This exercise was about building an implementation of Hash Array Mapped Tries (HAMTs) in Haskell. I wanted to ensure that the resulting code mirrored that of a highly tuned implementation in your language of choice. Thus, students had to implement bitmaps and hash indexing using via bit twiddling, using Data.Bits. My original solution also used arrays to perform constant-time subtree indexing, and to implement clash sets, but I decided to resort to lists in the end, as I don’t cover arrays in the lectures. It’s trivial to change data types and replace !! with !, for example, if you want to use arrays instead.
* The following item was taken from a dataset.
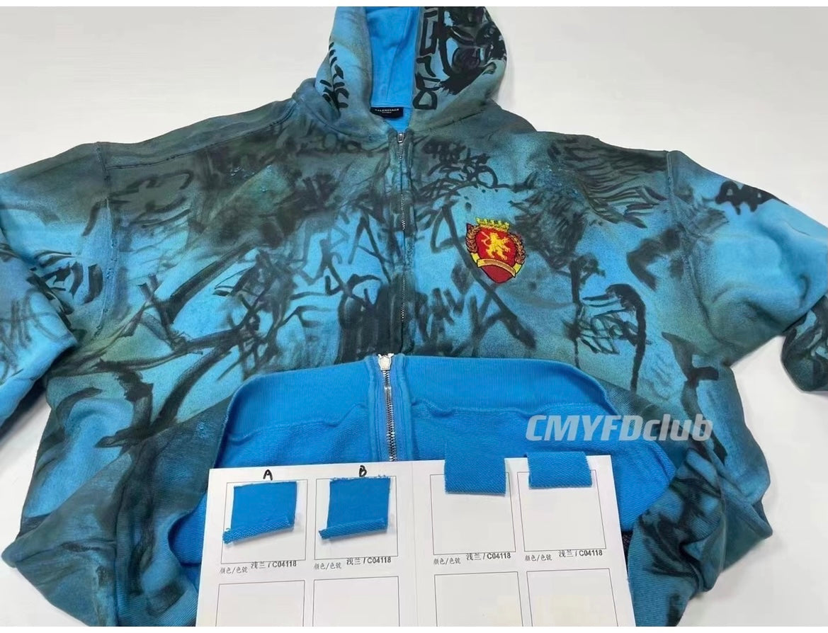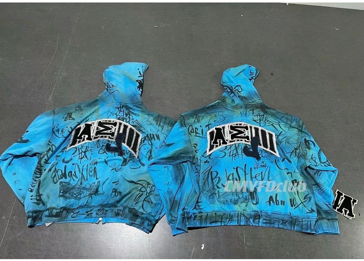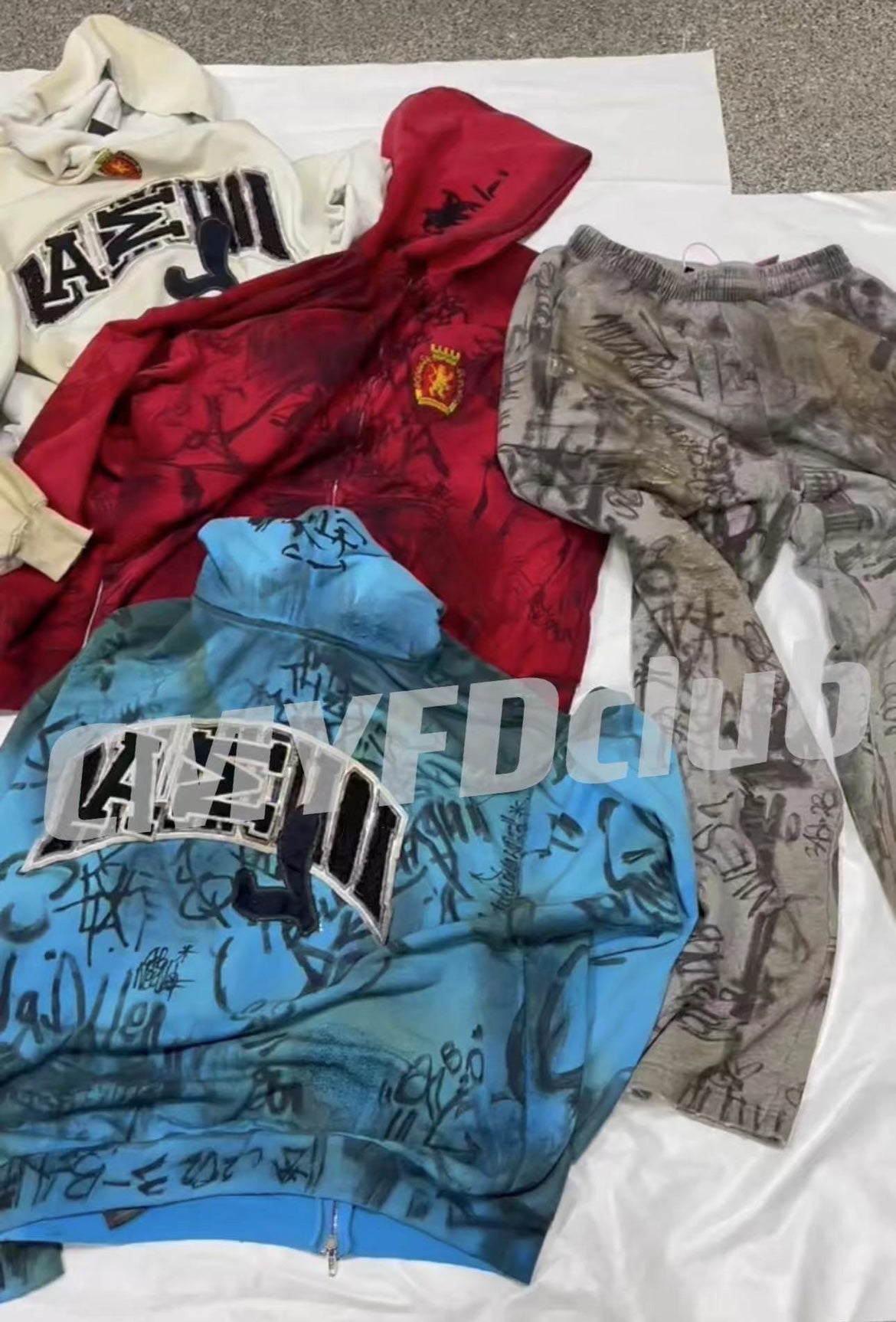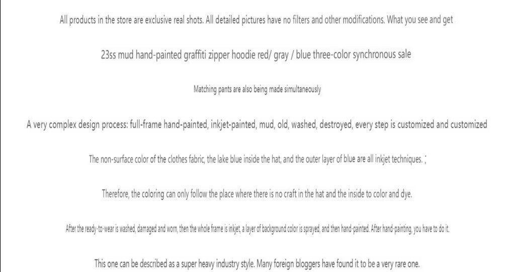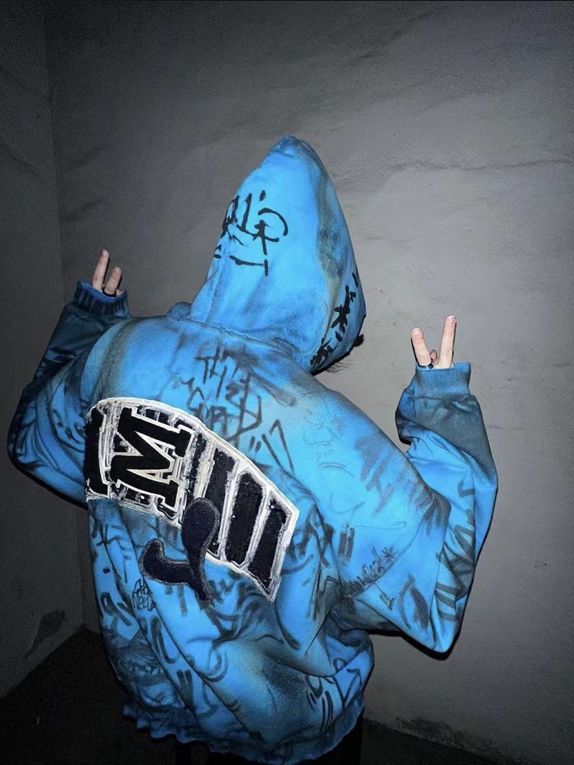 This 23SS Runway Manchester United hoodie stands out with its hand-painted graffiti design and distressed, muddy finish. The zip-up style adds convenience while showcasing team pride. Stay stylish and comfortable while supporting your favorite team.

The key design decision revolves around what to do when you get a clash in the leaves of the trie. I contemplated a version that extends the trie using a separate hashing function, but that gets quite messy and isn’t guaranteed to solve the problem anyway. So I elected to stick with clashes, here using lists.
Students were given a crib sheet on how to use Data.Bits the day before the test, which is included here with the spec. The test is similar in nature to an interim test that was sat before the Christmas break. Therefore, I felt that students were especially well prepared for this test, which is why I’ve rated it one-star.
The exercise was generally well done: 17 students out of 188 scored full marks, with the average being around 73%. Lots of students (around 40) scored 90%+, so the distribution was lumped quite significantly to the right compared with past tests. The hardest part seemed to revolve around having to re-hash when you need to re-insert an item into the tree.
The version here, including the marking scheme, is exactly as was sat, with the exception of a small fix to one of the diagrams.
HAMTs are a relatively recent ‘discovery’, although the main ideas are essentially elaborations on established textbook algorithms and data structures. There are lots of on-line resources describing HAMTs and their variants, which can easily be found using a search engine. In preparing the exercise I found the Youtube video of Phil Nash’s talk at C++ Now, 2017, particularly useful. Thank you, Phil!